<p>adidasty...actually...the second one is a different answer than the one you proposed.</p>
<p>f(x)=xsin(ln5x)</p>
<p>f'(x)= sin(ln5x) + (cos(ln5x))/5</p>
<p>You forgot to do chain rule on the ln5x for the second term.</p>
<p>Psh...these problems are easy:</p>
<ol>
<li>f(x)= ln(ln(ln x)) - Answer: </li>
<li>w(x0= xsin(ln 5x) - Answer: </li>
<li>H(t)= lnt^2(3t^2+6) - Answer: </li>
<li>G(t)= ln{sqrt(5t+1)}( t^3+4)^6 - Answer:</li>
<li>f(x0= ln{(x+1)(x+2)}/x+3 - Answer:</li>
<li>f(x)= ln sqrt{(3x+2)^5/x^4+7} - Answer:</li>
</ol>
<p>I used the combined rule of derivatives plus some special font to post the answers.
The answers will only show up to true geniuses, you must figure out how to make them appear.

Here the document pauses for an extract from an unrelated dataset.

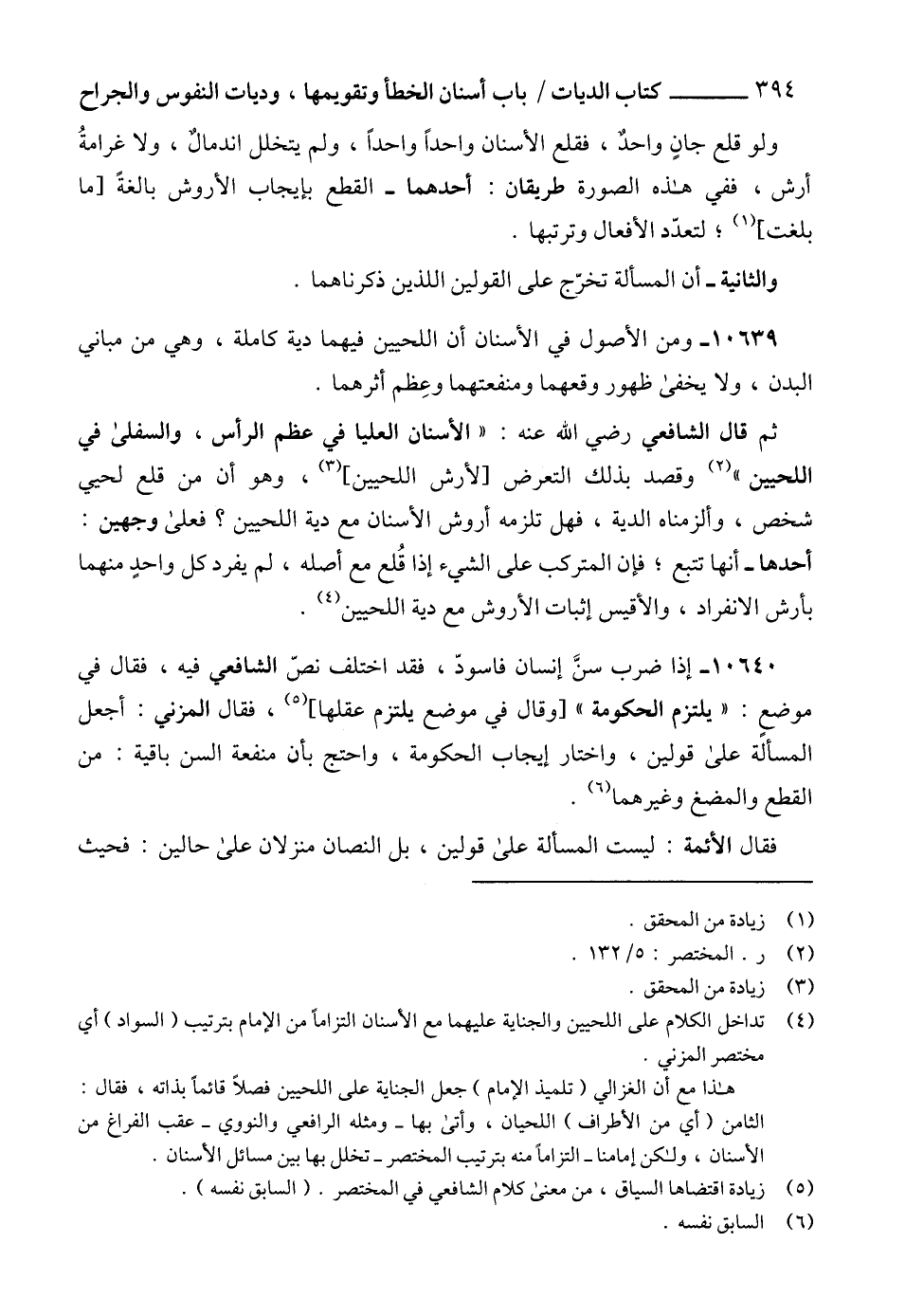 هذا مع أن الغزالي (تلميذ الإمام) جعل الجناية على اللحيين فصلاً قائماً بذاته، فقال: الثامن (أي من الأطراف) اللحيان، وأتى بها -ومثله الرافعي والنووي- عقب الفراغ من الأسنان، ولكن إمامنا -التزاماً منه بترتيب المختصر- تخلل بها بين مسائل الأسنان.
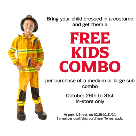 Firehouse Subs guests who visit a participating Firehouse Subs restaurant with a child 12 (or younger) dressed in a Halloween costume from 10/29-10/31/24 will receive a free kids combo meal with purchase of any medium or large sub combo meal ("Qualifying Purchase") (collectively, the "Offer"). Modifications and tax extra. At participating U.S. restaurants. Order must be placed in the restaurant. Not valid for digital orders, pick up, or delivery. Valid for one free kids' combo meal per Qualifying Purchase. Cannot be combined with any other deal, combo, or offer. Firehouse Subs reserves the right to cancel, suspend, and/or modify this Offer at any time with or without notice. Void where prohibited.

P.S. highlighting won't work. :)</p>
<p>Only a true genius can solve this: "Prove that this post does not exist."
Have fun.</p>
<p>Haha clever!!!:) Seriously, I am having a lot of trouble finding the derivative of these fuctions. Any help would be greatly appreciated!!!</p>
<p>One word. Mathematica (yes I know it's cheating. Don't use it if it's homework)</p>
<p>
[quote]
"Prove that this post does not exist."
[/quote]
To exist is to be existent; to be existent is to be actual; to be actual is to be real; to be real is to be genuine; to be genuine is to be true; to be true is to be honest; to be honest it to be guileless; to be guileless is to be transparent; to be transparent is to be clear; to be clear is to be unclouded; to be unclouded is to be light; to be light is to be insufficient; to be insufficient is to be inadequate; to be inadequate is to be lacking; to be lacking is to be nonexistent.</p>
<p>Therefore that post does not exist.</p>
<p>(courtesy of hyperdictionary.com)</p>
<p>jaug1- are you sure? heres my reasoning:</p>
<p>xsin(ln5x) d/dx = sin(ln5x) + x((sin(ln5x)) d/dx) =</p>
<p>y=sin u, dy/du = cosu</p>
<p>u = ln5x, du/dx = 5/5x = 1/x. dy/du * du/dx = cos(ln5x)/x (then you multiply by x and they cancel) =</p>
<p>d/dx (xsin(ln5x) = sin(ln5x) + cos(ln5x)</p>
<p>so yeah i got it wrong the first time, but i got it right this time. lol and YOU got it wrong! loser! lol jk</p>
<p>if i got this wrong **** it, i give up. im on drugs anyway. lol</p>
<p>keta, if I solve the hodge conjecture, Ill be claiming the money, so dont expect me to send you my solution :)</p>
<p>is the conjecture already proven?</p>
<p>tetrahedr0n, perhaps you can then share your solution at art of problem solving forums. You're registered there, right? ;).</p>
<p>tetrahedr0n, please tell me how to prove it..</p>
<p>i'm glad we did this several days after the question haha</p>
<p>Prove the conjecture please</p>
<p>I guess the title of this thread used to attract self-entitled geniuses, like the fire attracts heat-seeking insects.</p>
<p>
[QUOTE=chanman]
lol what the heck is this??</p>
<p>"On a projective non singular algebra variety over C, any Hodge class is a rational linear combination of classes cl(Z) of algebraic cycles. "
[/quote]
</p>
<p>chanman, this is what pure math looks like. When you’re in college, and your professors aren’t busy lecturing, this is the kind of thing they work on. And if any of us solve it, you’ll be more likely to hear about it in the newspaper than here.</p>
<p>Congrats you guys bumped a 4 year old irrelevant homework problem,</p>
<p>Haha. It came up on “similar threads” when I was posting, and I didn’t realize it was so old. Sorry.</p>
<p>Oops. Note to self: check thread date, even if recently posted to.</p>